Visiting the IT Park at Mawdiangdiang during his maiden visit to Shillong on Wednesday where he was given a detailed presentation by the Chief Minister Conrad K. Sangma on the way forward for Meghalaya to be a developed State by 2032, the Vice President said being a developed state is a serious business and GDP growth is not an indicator of it.
“Developed status has certain elements and they take time and Meghalaya under the leadership of Conrad K Sangma with the 10 Guarantees is aimed at making Meghalaya a developed state,” he observed.
He stated that it is equally important to take into consideration availability of resources and capacity of human resources while aspiring to be a developed state.
The Vice President also advised that in the developmental growth certain things have to grow on their own like roads, connectivity etc. but futuristic outlook in creating these infrastructures also needs to be kept in mind.
At the same time, he expressed happiness that while aspiring to be a developed state, Meghalaya’s focus was on fundamentals like education, health, technology, skill development, farming, sports and music etc.
Earlier, the Chief Minister Conrad K. Sangma said that Meghalaya has embarked upon a mission to push growth and development. He said that the state government has identified key areas to achieve the target of “Developed Meghalaya by 2032”, when the state celebrates its 60 years of statehood.
He told the vice president that “Meghalaya Model of Development” is laid on the foundation of four pillars – creating aspirations, collaborating with communities and stakeholders, capacity building and forging partnership.

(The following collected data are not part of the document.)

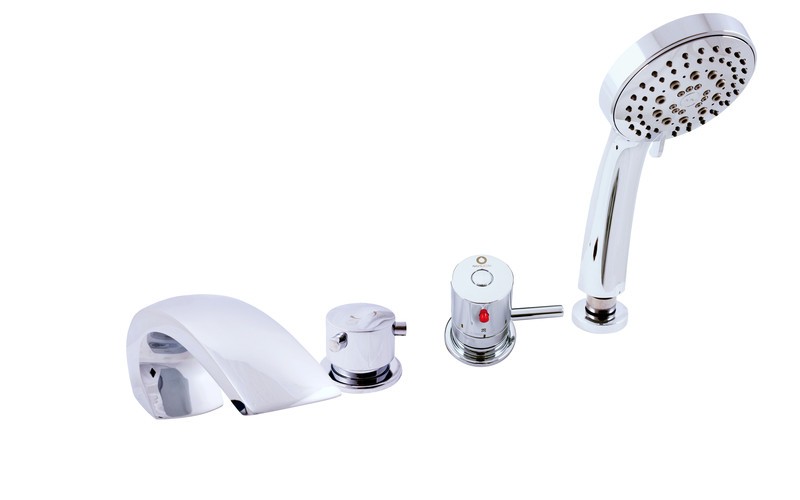 Vodovodní baterie vanová stojánková termostatická čtyřotvorová s keramickým přepínačem, samonavíjecí 2m hadicí a sprchou.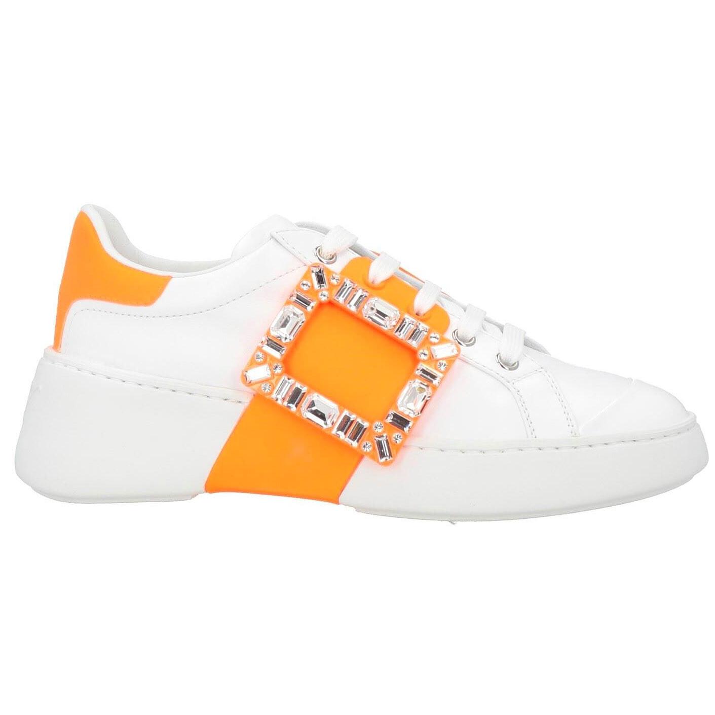 Женские кожаные кроссовки с украшением Roger Vivier.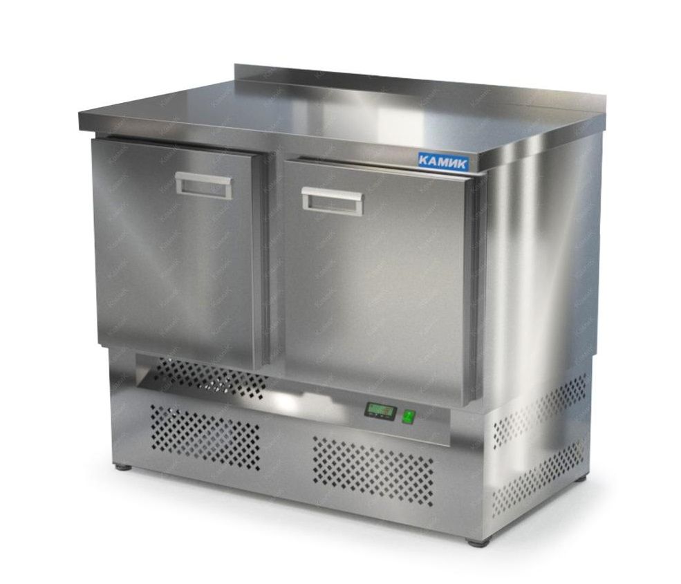 Холодильный стол КАМИК СО-10060Н используется на предприятиях общественного питания и торговли для охлаждения и хранения продуктов, напитков и готовых блюд. Конструкция разделена на секции, каждая из которых оборудована сетчатой полкой и парой направляющих. Корпус выполнен из нержавеющей стали AISI 430 толщиной 1 мм, столешница - из нержавеющей стали AISI 304 толщиной 1,5 мм.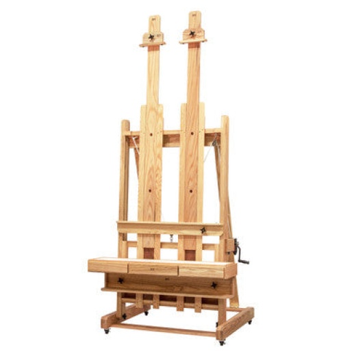 BEST Line's largest easel, the Abiquiu Deluxe is constructed of hand rubbed solid oak. By loosening the knobs on the back of the easel, the artist can adjust his or her painting to any tilt or angle. The hardware was designed and made especially for this easel. Up to 300 pounds can be lifted by the heavy-duty marine winch pulley system. Rubber casters make mobility possible.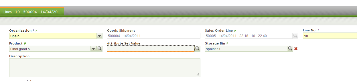 | Steps To Reproduce | Login with: "User name": Openbravo "Password": Openbravo Change the role to QA testing Admin Go to Sales management || Transactions || Sales order Click New and select: "Transaction Document": Standard Order "Business partner": Select Customer A Click Save and move to lines Click new and type FGA for the product and press Enter key. Verify: Change the "Ordered Quantity" to 11.2 and verify the "Line Net Amount" is 22.40 Click Save and move back to the Header tab Click Complete button and press OK Go to Sales management || Transactions || Goods shipment Click New and select: "Document Type": MM Shipment "Business partner": Select Customer A Click "Create Lines From". A pop-up gets opened. Do: Click the Warehouse icon and remove "USA Warehouse" from the warehouse field. Click Search and select the record (spain111) Select the sales order created above In the grid it will appear one record. Mark the record and press the OK button A green success message will appear: Process completed successfully Move to Lines tab. Select the record and enter in form view Click the icon for the product. A pop-up will be opened. Select the record and press OK (see attach selector.png) Verify: "Attribute Set Value": L56 "Storage bin": spain111 "Movement Quantity": 11.2 Here it comes the error. "Attribute Set Value" remains in blank. See attach Attribute and it should have the value L56 | |||||||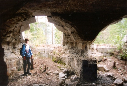 Fort Landro 008 zeigt die Beobachterkuppelüberreste auf dem Dach der Kanonenbatterie mit Blick auf der Helltal anlagen gegenüber im Höhlensteintal. Man bemerke die Überreste des original Blechdaches am Dachrand. Blickrichtung Westen Vielen Dank an Alvin und nach Kanada für diese Fotos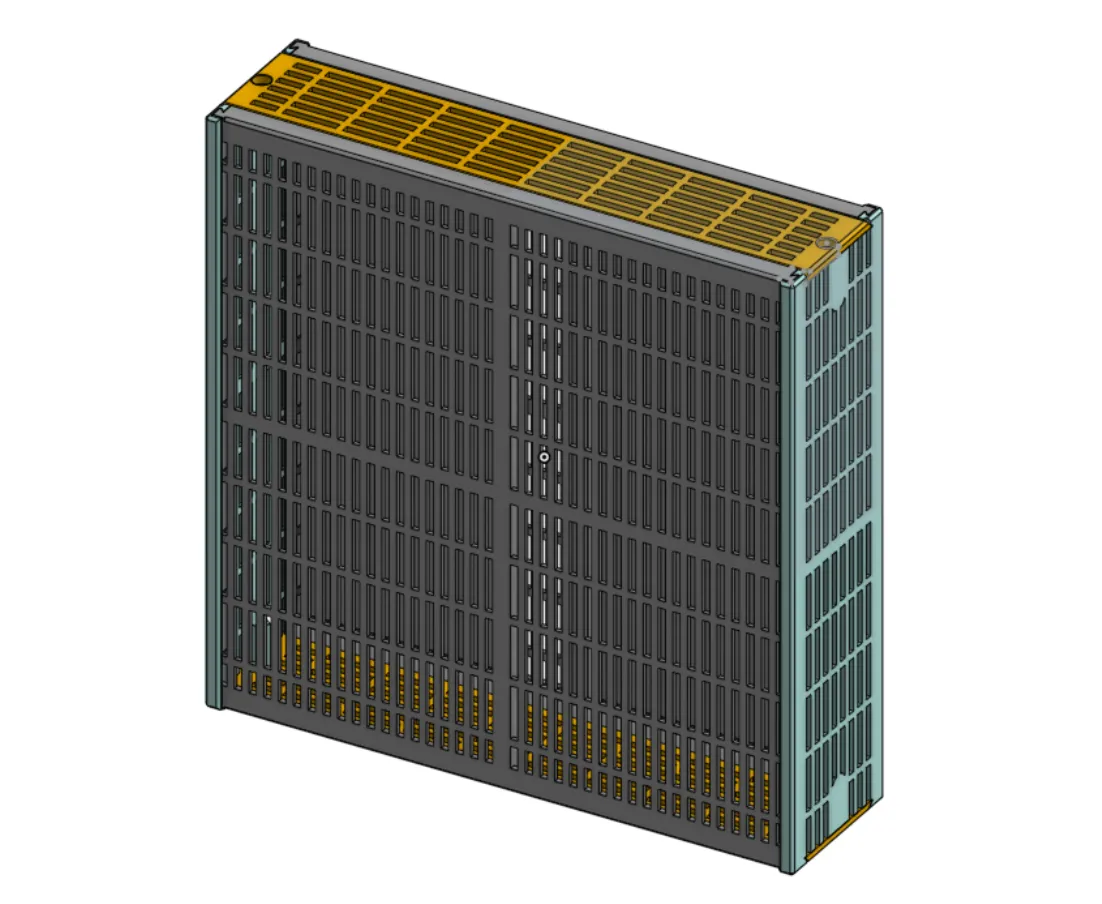 In 2 nắp, 2 bên, và 2 mặt trước. Thiết kế hoàn toàn đối xứng.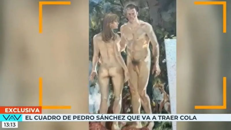 Et usædvanligt kunstværk har skabt massiv røre i de spanske medier og på sociale platforme. Maleriet, der blev fundet på Madrids berømte loppemarked, El Rastro, forestiller den spanske premierminister Pedro Sánchez og hans hustru, Begoña Gómez, i rollen som Adam og Eva – helt uden tøj.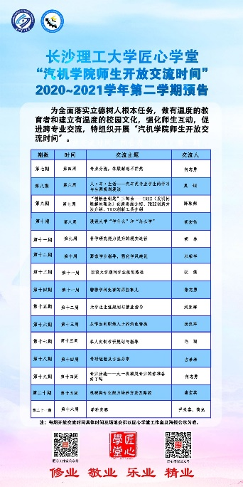 “开放交流时间”时间是LETOU体育平台汽机学院“三三四”人才培养模式的改革新举措之一。为建立有温度的校园文化,强化师生互动,促进跨学科交流,汽机学院推行“开放交流时间”项目,每学期开学面向全院学生公布开放交流的时间和地点,同学们可通过“匠心学堂”小程序自主预约参与的主题。目前“开放交流时间”已预定21期,主题涵盖专业分流、生涯规划、学业指导、学科竞赛等学生关注的学习生活热点,已参与学生300余人次。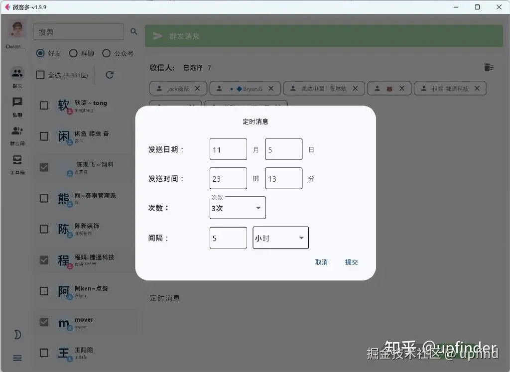 除了支持消息群发之外,同时可以在发送消息时选择定时发送,定时消息可以选择首次发送时间,同时还支持设置循环发送次数,以及循环间隔时间等,适应更多实用场景

Citing challenges of 7000 villages in the state, which are geographically remote, rural and hilly, the chief minister said, “We have identified the concerns and the problems of the state and have rolled out programmes to benefit the youth, women and the farmers. We are moving forward to propel the economic agenda of the state.”
He said that the GSDP of the state was far below the national average prior to 2020-21, but post 2021-22 the state has seen 15 per cent growth, with increase in investment in different social sectors, own tax collection going up, absorption of central taxes, and funding from the 15th Finance Commission including investment made through Externally Aided Projects (EAPs).
He also informed that the size of the state budget has increased from roughly Rs. 12,000 cr to Rs. 25,000 cr currently. He further said that the capital expenditure has increased by 2.75 times, amongst other initiatives taken by the government to accelerate growth.
He further told the Vice President on the ongoing initiative to promote value addition in agriculture sector, value chain and marketing, promoting of sports and music, education, healthcare, which have been prioritised by the government.